- Location: Kunene Region, Namibia
- Coordinates: 18°27′00.00″S 12°01′00.00″E﻿ / ﻿18.4500000°S 12.0166667°E

= Cape Fria =

Headland on the northern coast of Namibia

Cape Fria (literally "cold cape") is a headland overlooking the South Atlantic Ocean situated along the northern shoreline of Namibia, about 120 km (75 mi) to the northwest of Mowe Bay and 200 km to the south of the Angolan border. It is located in Skeleton Coast National Park. Due to its remoteness, it is accessible only by air.

==History==
Cape Fria was discovered, along with Cape Cross, in 1486 by the Portuguese sailor Diogo Cão.
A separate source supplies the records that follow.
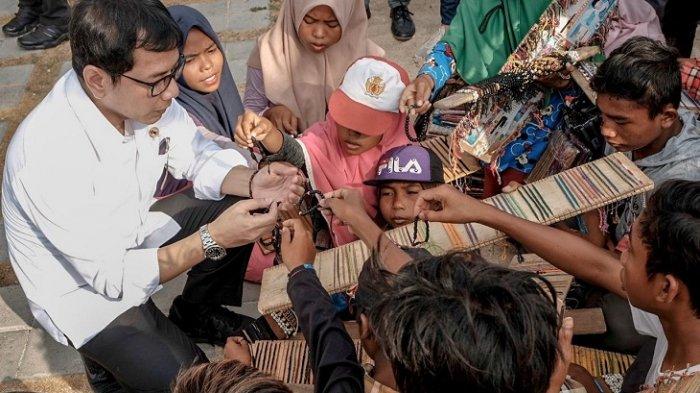 Terlihat para anak-anak mengerumuni Menparekraf Wishnutama dan saling berebutan menawarkan gelangnya.
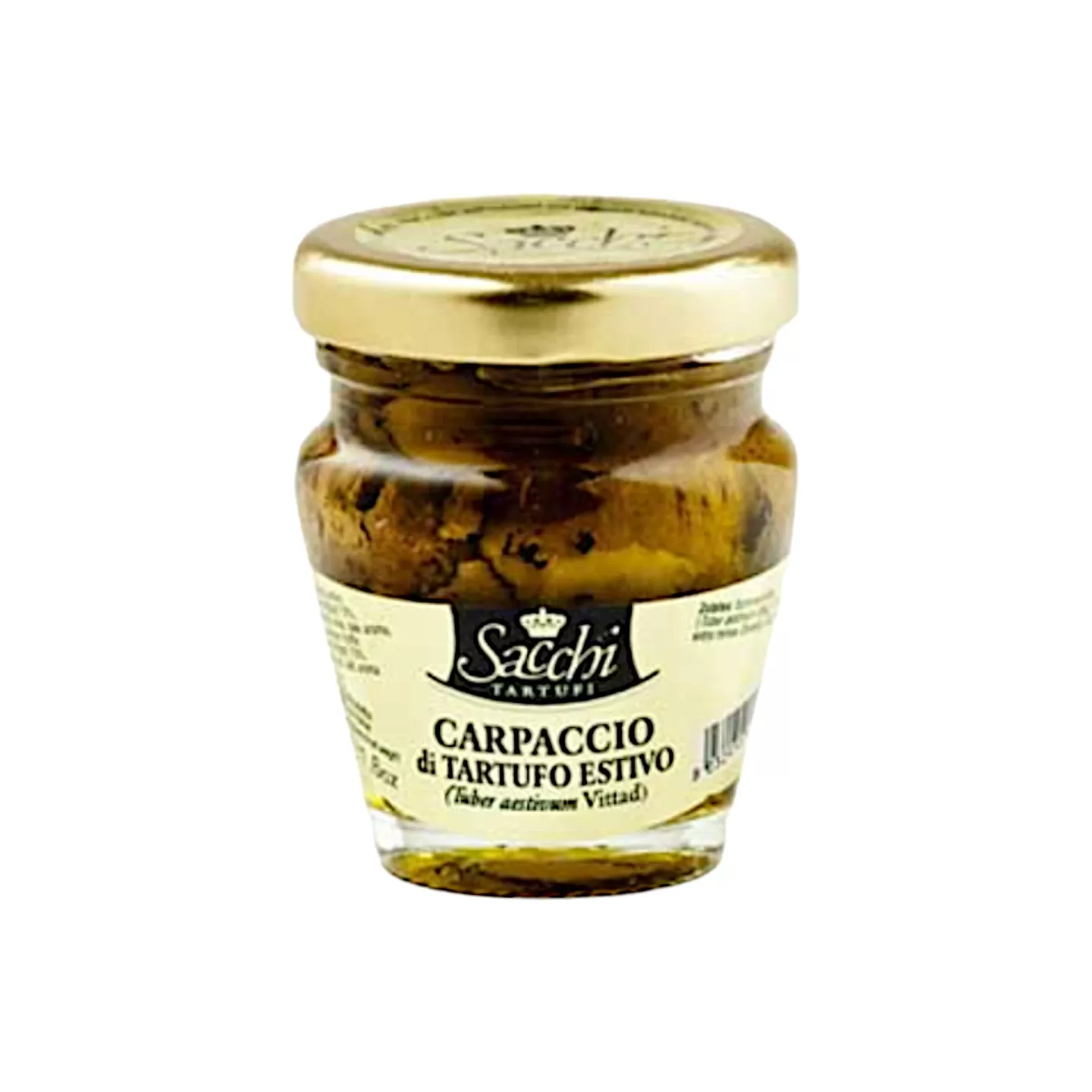 Il Carpaccio di Tartufo Estivo di Sacchi Tartufi è un'esclusiva selezione di lamelle sottili di tartufo estivo, raccolto nelle zone più vocate d’Italia. Queste lamelle, immerse in olio extravergine di oliva, mantengono intatto l'aroma inconfondibile e il sapore delicato del tartufo estivo, rendendolo un ingrediente ideale per arricchire una vasta gamma di piatti.
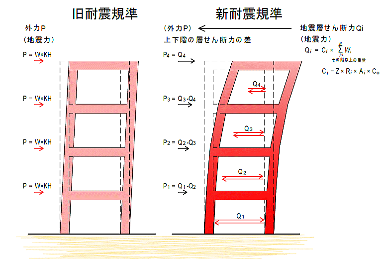 旧耐震基準の時代では、地震力は水平震度から想定されましたが、新耐震基準では、標準せん断力係数Coで地震力を想定する考え方に変わりました。
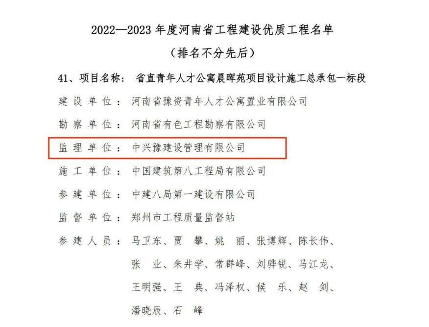 近日,河南省工程建設(shè)協(xié)會(huì)公布了“2022-2023年度河南省工程建設(shè)優(yōu)質(zhì)工程評(píng)價(jià)結(jié)果的通知”,由中興豫建設(shè)管理有限公司擔(dān)任監(jiān)理單位的“省直青年人才公寓晨暉苑項(xiàng)目設(shè)計(jì)施工總承包一標(biāo)段”、“省直青年人才公寓晨暉苑項(xiàng)目(6#、7#、8#、9#、10#、11#、15#樓、開閉所及地下車庫(kù))”、“惠濟(jì)區(qū)金洼小學(xué)新建項(xiàng)目”,共三項(xiàng)目齊上榜,紛紛獲得省級(jí)榮譽(yù)。
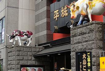 Paseando por Asakusa en busca de un lugar para comer encontré este restaurante de Yakiniku custodiado por varios toros.
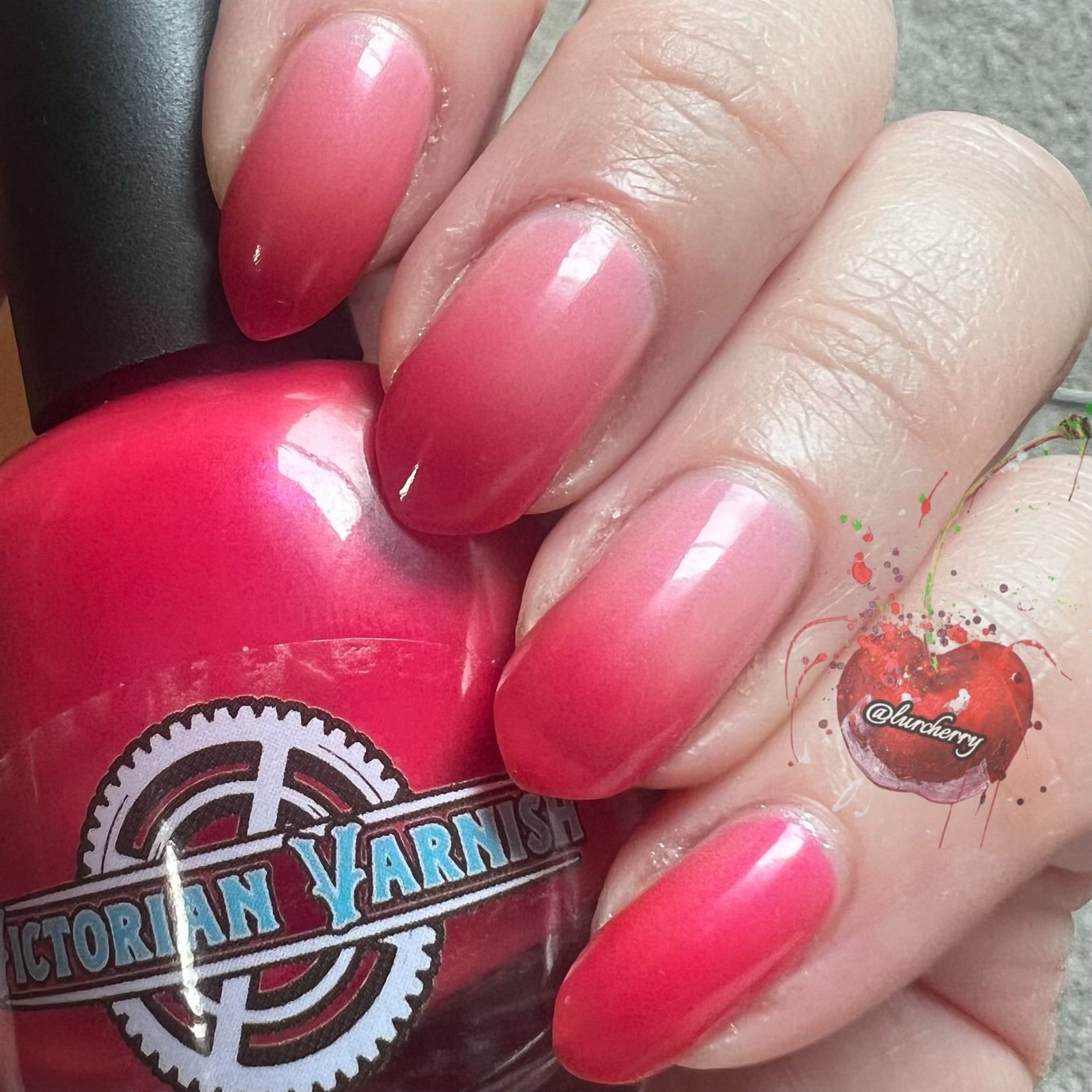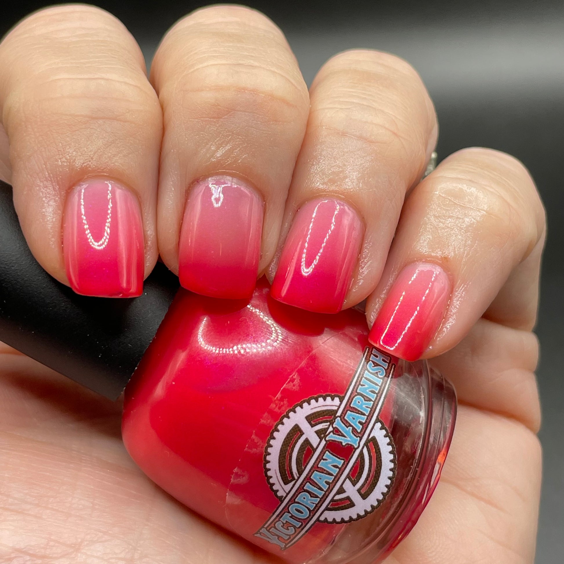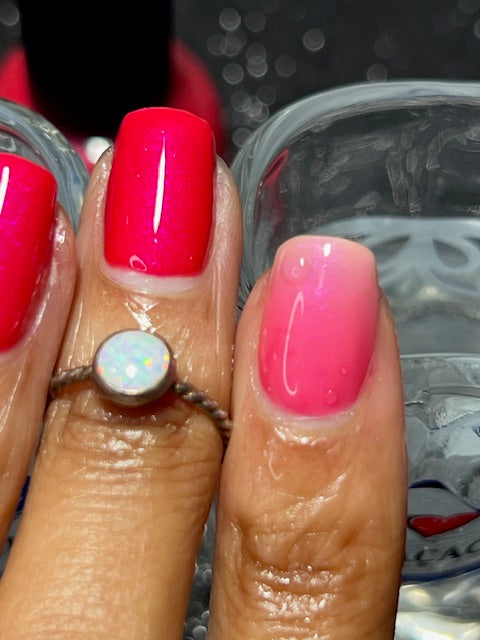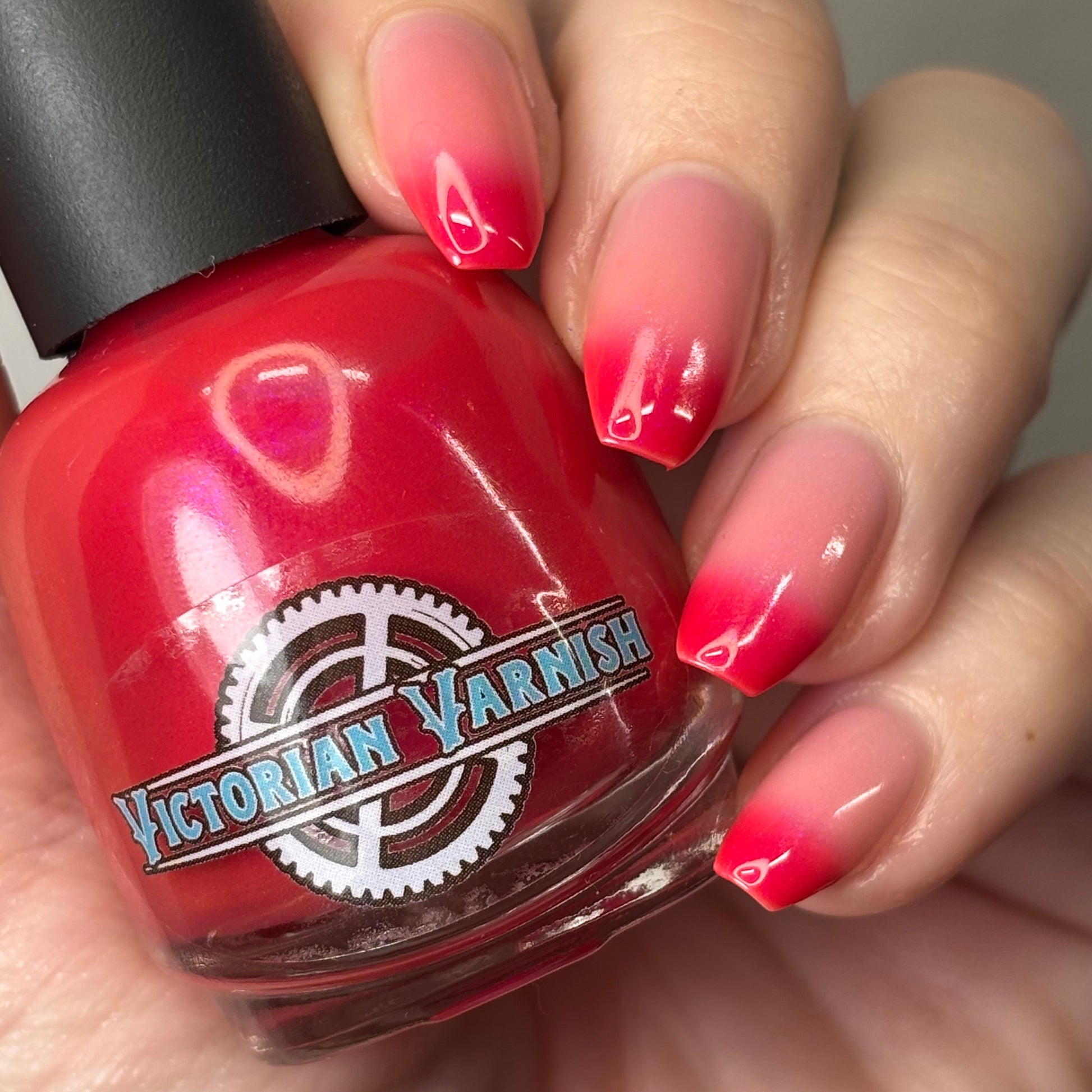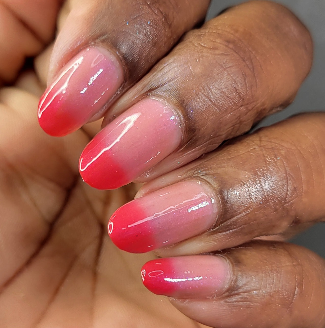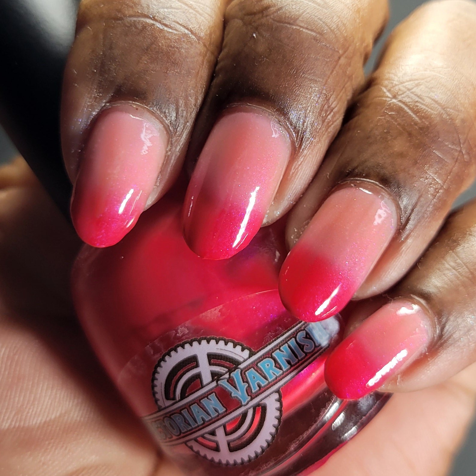 Hot pinky almost red (cold state) to clear (warm state) with a glowy red/violet aurora shimmer. (inspo - Janis Joplin’s Piece of My Heart & @polished_outta_hand)

Since the beginning of the 1980s, there have been plans to build a deep-sea port along with a railway connection near Cape Fria to connect the north of Namibia — as well as the neighboring countries of Botswana, Zambia, Zimbabwe, and Angola — to international maritime traffic. Such a project would benefit Namibia's position in intra-African trade, but it has not been pursued, particularly on account of financing and environmental issues. The construction of a harbor and a rail connection has been planned since 2011 and was confirmed in October 2014, with the government dedicating $1.8 million USD to the project.